В XVIII веке слухи все чаще связывают образ короля с некими зловещими кровавыми процедурами, которые так или иначе нужны королю для очищения (иными словами, для телесного эквивалента репрезентационной метаморфозы). По поводу Людовика XV упорно распространялись слухи, что он принимает ванны из детской крови для того, чтобы избавиться от проказы, которой он якобы был болен (ср. с мотивом Христа как прокаженного в тексте Овре) [60]. Получает распространение представление о дегенерации королевской крови, которая якобы нуждается в улучшении самыми варварскими методами.
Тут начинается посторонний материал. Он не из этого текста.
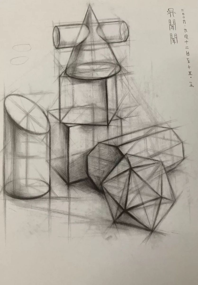 几何体结构素描 吴闻闻 纸本炭笔 59cm X 45cm 2006年

Один из направленных против Марии-Антуанетты памфлетов, “Историческое эссе о жизни Марии-Антуанетты, королевы Франции и Наварры, урожденной эрцгерцогини Австрийской” (Essai historique sur la vie de Marie-Antoinette, reine de France et de Navarre, nОe archiduchesse d’Autriche, 1789), приписывает королеве неукротимое желание пить французскую кровь из “преступного кубка” (la coupe du crime). “…Скоро <…> мы будем пить из него кровь французов прямо из их черепов; варварская утонченность, многочисленные примеры которой оставила нам Древность” [61], — говорит королева.
Такого рода тексты сближают, а в каком-то смысле и уравнивают монархов с гильотиной. Гротескная монструозность этих речей и слухов вполне перекликается с чудовищной кровожадностью ранних вивисекторов, например Гарвея, или барочных поэтов. Но они демонстрируют, каким образом кровь входит в тело, чье представление так или иначе связано с репрезентативными эксцессами. Кровь буквально должна пропитать их тела, чтобы гильотина рассекла их и обнаружила в них знаки, в данном случае — драматические письмена десакрализации и смерти.
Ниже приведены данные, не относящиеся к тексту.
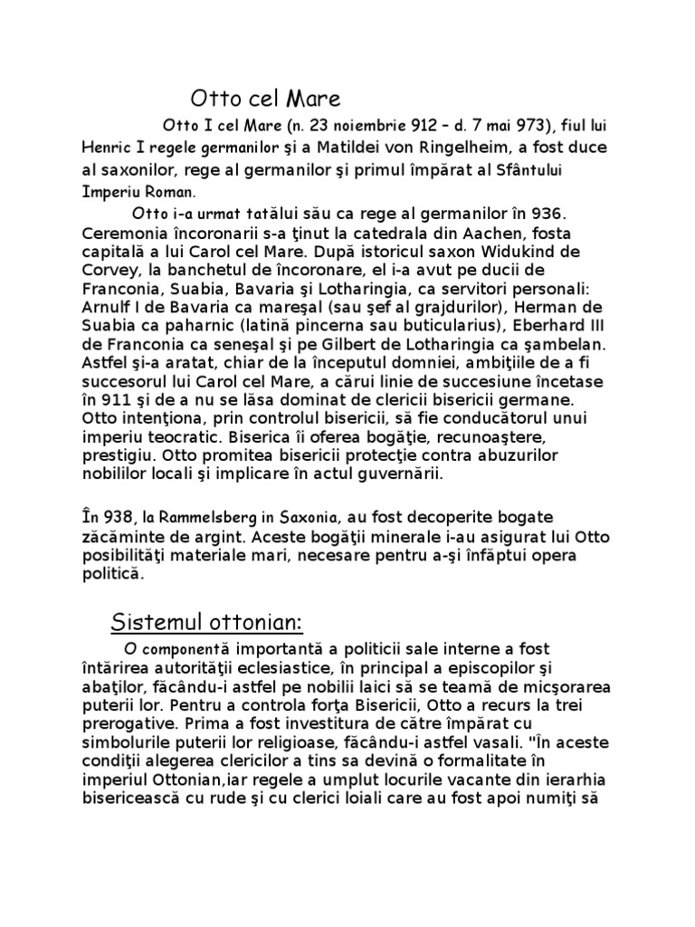 puterii lor. Pentru a controla forţa Bisericii, Otto a recurs la trei

В каком-то смысле любая обнаруживаемая под верхним слоем поверхность является носителем письмен, даже если она так же девственно чиста, как и верхний покров. Само ее появление из сферы “сокровищ” уже предполагает наличие шифра на ней. Проблематика покрова неразрывно связана с самой сутью проблематики репрезентации. Репрезентация проявляет свою парадоксальность особенно явно именно в “двойных” изображениях типа композитных портретов, где, как было сказано, знаковое и телесное оказываются в ситуации неопределенности, неустойчивого баланса. В таких случаях иллюзия фигуративности то возникает, то разрушается. Репрезентация проявляет свою хрупкость и зависимость от “тела”. “Тело” все время угрожает знаку, а знак — “телу”. Но именно в этом контексте можно на более фундаментальном уровне понять проблематику смерти в связи с изображением. Гильотинирование, очищение, срезание плоти, диссекция, проникновение внутрь — все это процессы, как раз и происходящие на грани между знаком и телом, между символическим и физиологическим, на грани между смертью и жизнью.
Сами эти процессы оказываются физически зримыми метафорами сдвига, по выражению Жана-Луи Шефера, “фигуративным выражением процесса перемещения”, в результате которого “всякое значащее создание теряет свою консистенцию” [62]. Репрезентация оказывается необычайно тесно связанной с самой проблематикой смерти, ведь только исчезнувшее, неприсутствующее тело может так или иначе фигурировать в репрезентации. Поэтому исчезновение, рассечение, очищение, в самом драматически биологическом значении этого слова, оказываются тенями всякого репрезентативного процесса.
Гильотина и королева Франции как будто находят друг друга во имя того, чтобы репрезентация состоялась.
1) Эта статья — фрагмент работы, касающейся репрезентации казни короля и королевы во время Французской революции. Она в основном была написана в 1991—1992 годах в Центре гуманитарных исследований Гетти в Лос-Анджелесе, но пока не опубликована. Она войдет во второй том исследования “Физиология символического”, первый том которого выпускается сейчас “НЛО”.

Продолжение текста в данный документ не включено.